(Source records)
= = =

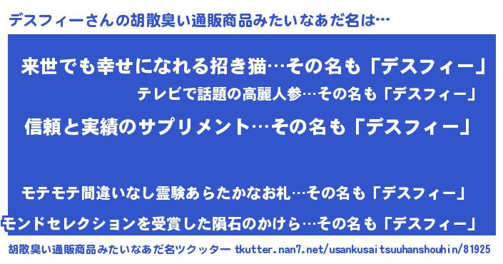 | 意味不明あだ名 | 『とにかく怪しいデスフィー』 |
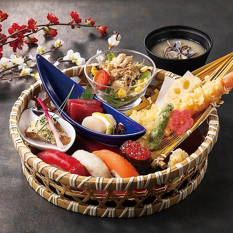「くし路」の美味を彩り豊かに、かごに詰め込みました。見た目も華やか心もほっこりする冬のご馳走です・蒸し鶏とごぼうの胡麻和えサラダ・鰤西京難波焼(ぶりさいきょうなんばやき)・天ぷら:大海老、蓮根、ししとう、梅花煎餅・ずわいがに茶碗蒸し ・寿司:本鮪、真ふぐ、銀鮭、いくら・しじみ味噌汁
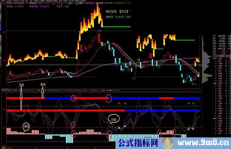 (2)第2根横条是月线级别的KDJ情况,红色表示大级别的反弹或反转,一般是反转的行情,蓝色表示大级别的回调或反转,一般是行情反转,对于做长线来讲,看月线指标。
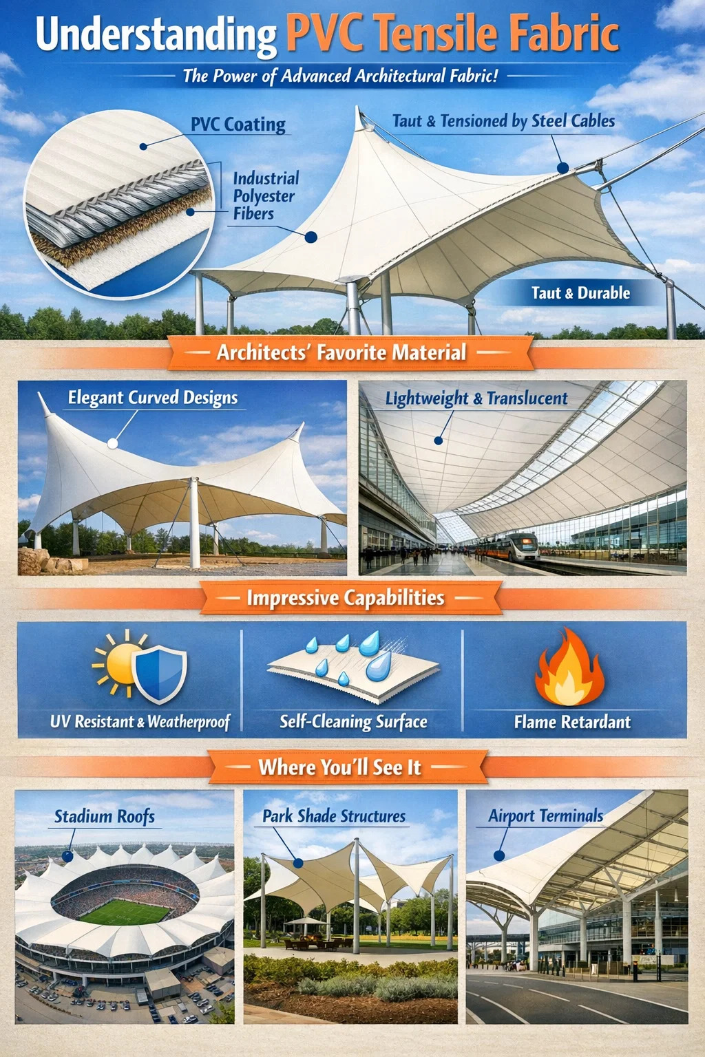 Alsidige former: Den kan strækkes til sadelformer, teltformer eller forskellige elegante kurver. Du vil ofte se disse kunstneriske former på stadioner, udendørs teatre eller avancerede parkeringsstrukturer.
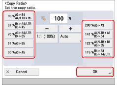 You can use preset copy (zoom) ratios to enlarge or reduce standard size originals to other standard sizes.

= = =

WHAT TO PRODUCE:
Each record above goes into the copy word for word; the pictures do not.

SOLUTION BELOW:
 | 意味不明あだ名 | 『とにかく怪しいデスフィー』 |
「くし路」の美味を彩り豊かに、かごに詰め込みました。見た目も華やか心もほっこりする冬のご馳走です・蒸し鶏とごぼうの胡麻和えサラダ・鰤西京難波焼(ぶりさいきょうなんばやき)・天ぷら:大海老、蓮根、ししとう、梅花煎餅・ずわいがに茶碗蒸し ・寿司:本鮪、真ふぐ、銀鮭、いくら・しじみ味噌汁
 (2)第2根横条是月线级别的KDJ情况,红色表示大级别的反弹或反转,一般是反转的行情,蓝色表示大级别的回调或反转,一般是行情反转,对于做长线来讲,看月线指标。
 Alsidige former: Den kan strækkes til sadelformer, teltformer eller forskellige elegante kurver. Du vil ofte se disse kunstneriske former på stadioner, udendørs teatre eller avancerede parkeringsstrukturer.
 You can use preset copy (zoom) ratios to enlarge or reduce standard size originals to other standard sizes.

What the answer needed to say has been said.